Prime Minister Narendra Modi’s 'Startup India, Stand Up India' initiative has been largely welcomed as it is seen as a way to rouse the enthusiasm and entrepreneurial spirit in youth. Entrepreneurs across the nation are keeping their fingers crossed over the platter of announcements the initiative will bring on January 16. Clarity on taxation policies, increase in Foreign Direct Investment (FDI) limit in key sectors, single-window clearance, removal of tax on ESOPs, GST roll-out and more are some of the crucial issues that the startup community expects the government to introduce.
Albinder Dhinsa, Co-founder, Grofers, says, “The biggest barriers to the startup ecosystem are the lack of support for early-stage companies and uncertainty in regulation around some sectors.
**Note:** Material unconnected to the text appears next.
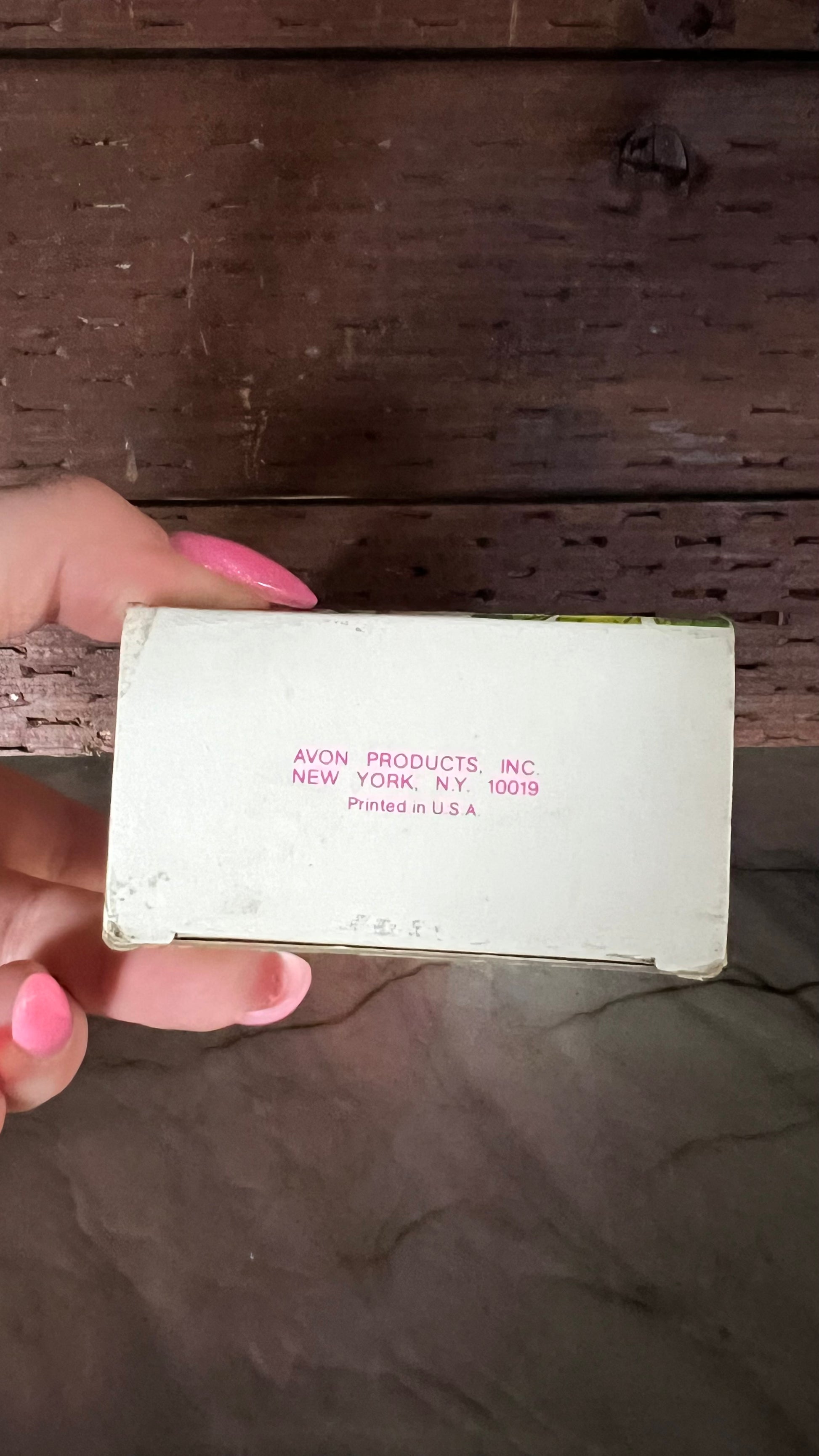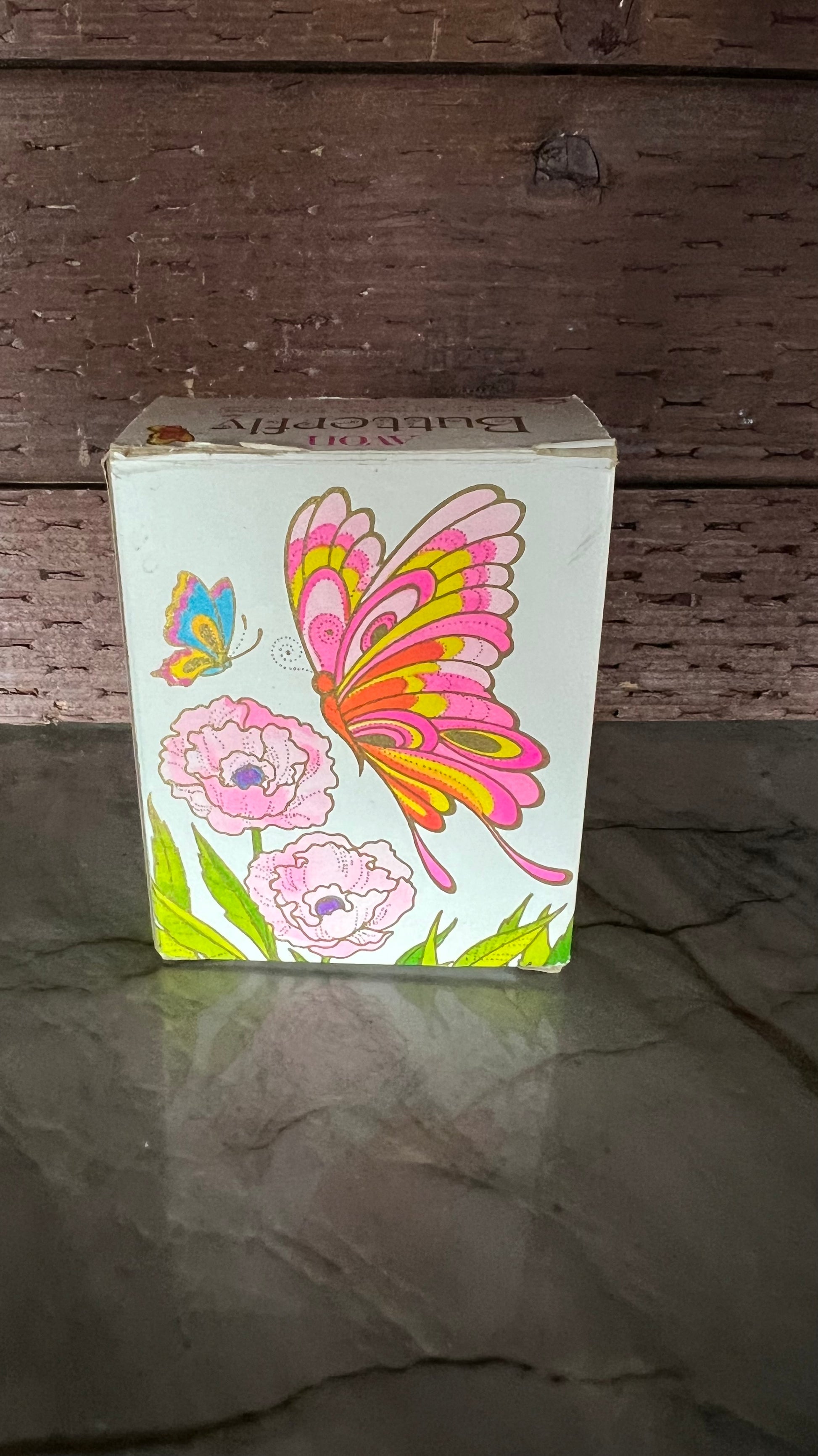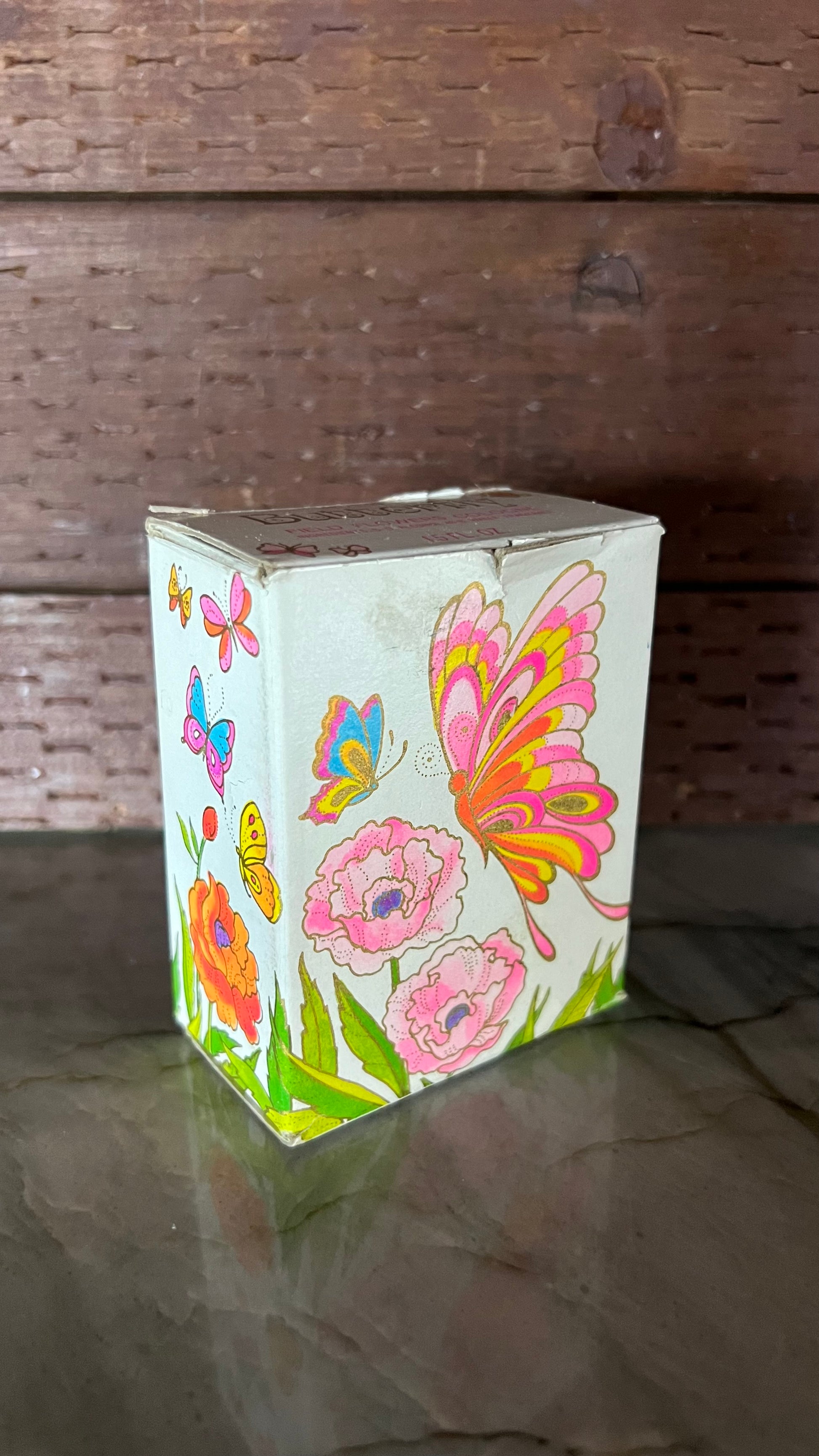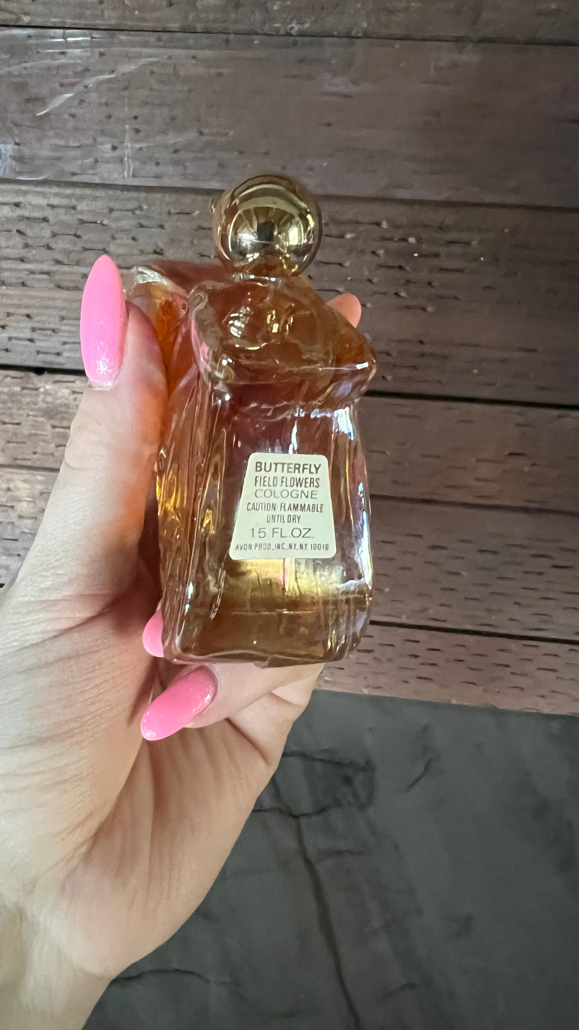 Avon Field Flowers Butterfly Canister with original box! The canister is full of perfume, and is in excellent vintage condition with no signs of wear. The sticker is completely intact on the bottom. It measures 3 3/8” tall and 2.5” at its widest point. Beautiful find!

We would like to see some concrete action around government incentives for disruption in basic infrastructure and better electricity and Internet access to the millions of Indians moving up the economic ladder.”
Lack of pace in infrastructure development has fuelled the growing frustration of hyperlocal startups, as it hurts logistics and last-mile delivery.
Navneet Singh, Co-founder, PepperTap states that more than the regulations it is red tape that makes compliance difficult, despite best intentions. This has pushed many startups to move abroad to enjoy a friendlier business climate. Citing the stark difference between India and other countries, Navneet adds that to start a business in India it takes a minimum of 29 days, as opposed to a mere half-day in New Zealand.
Investors are of the view that encouraging investments into young VC funds, tax benefits for investors and tax holidays (like what is provided for IT services) for startups for the first few years of operations would go a long way.
“We want the government to encourage domestic and angel investments in startups by aligning capital gains tax slabs effective on publicly traded shares to angel and venture capital funds. In the current capital gains tax, the investor takes a higher risk, as he invests in a startup/early-stage company, and then pays a higher tax. A simple alignment with capital gains tax effective on publicly traded shares would increase angel/VC investment in startups,” says Padmaja Ruparel, President, Indian Angel Network.
Of the government’s announcement of a Rs 10,000-crore fund for startups, Rs 2,000 crore has been channelised through the India Aspiration Fund. Some investors suggest that that government should co-invest in angel seed up to 100 per cent of the invested amount and give a three-year relaxation on compliance for MCA, TDS, service tax and other returns for companies till revenues cross Rs 100 lakh.
“We want a scheme like the one in Singapore for early-stage venture funds, to encourage VC funds in specific sectors, a special financial framework to assist startups with working capital, FDI in Indian startups and potential exits, specially to companies overseas,” says Sateesh Andra, Managing Director, Endiya Partners.
Empowering incubation activities
The incubation of startups comprises mentorship, access to funding and other reliable resources like marketing professionals, HR professionals, and more. Therefore, to support the development of incubation, incubators urge the government to strengthen incubation activities, rationalise the taxation regime for incubators, allow incubation centres to exempt startups registered with them from complex regulations, and establish new incubators over the next three years.
Ravi Narayan, Director, Microsoft Ventures says, “We look forward to an enhanced taxation regime for incubators, which is levied on the purchase and import of goods needed for the incubators. Funds contributed to incubators should be treated at par with investments in R&D activities for businesses. We believe that the entities that contribute funds to incubators should also be eligible for the 200-percent tax benefit that is currently applicable to R&D investments.”
A ray of hope
While listing their expectations, a majority of startups emphasise on the easing of availing capital from banks and other financial institutions, investment in schools and colleges, with a focus on skill development, and increased spending on infrastructure, including roads and round-the-clock electricity, labour reforms, introduction of e-filing facility, and reforms in the banking sector.
“The gap between educational institutes and business requirements needs to be reduced. Universities should be provided with the best of infrastructure in terms of experimenting with technology, disruptive ideas and encouragement of startups/entrepreneurship as a viable career option,” says Praveen Sinha, Co-founder, Jabong.
Strong amendments in the area of policy implementation will be more pertinent for India at this stage. Moreover, the creation of an open and safe environment for development of the infrastructure can also strengthen the pillars of startups.
Mukesh Singh, Founder, ZopNow, states that the need of the hour is to come good with the promises that have been made on boosting 'enablers' such as logistics, infrastructure and rural connectivity. The time is ripe for India to pick up on its momentum. With other countries in BRICS (Brazil, Russia, India, China and South Africa) struggling with their growth stories, now is the time for India to stand out and become an economic powerhouse in its own right.
(Disclaimer: YourStory is the official partner for Startup India programme by DIPP, Government of India.)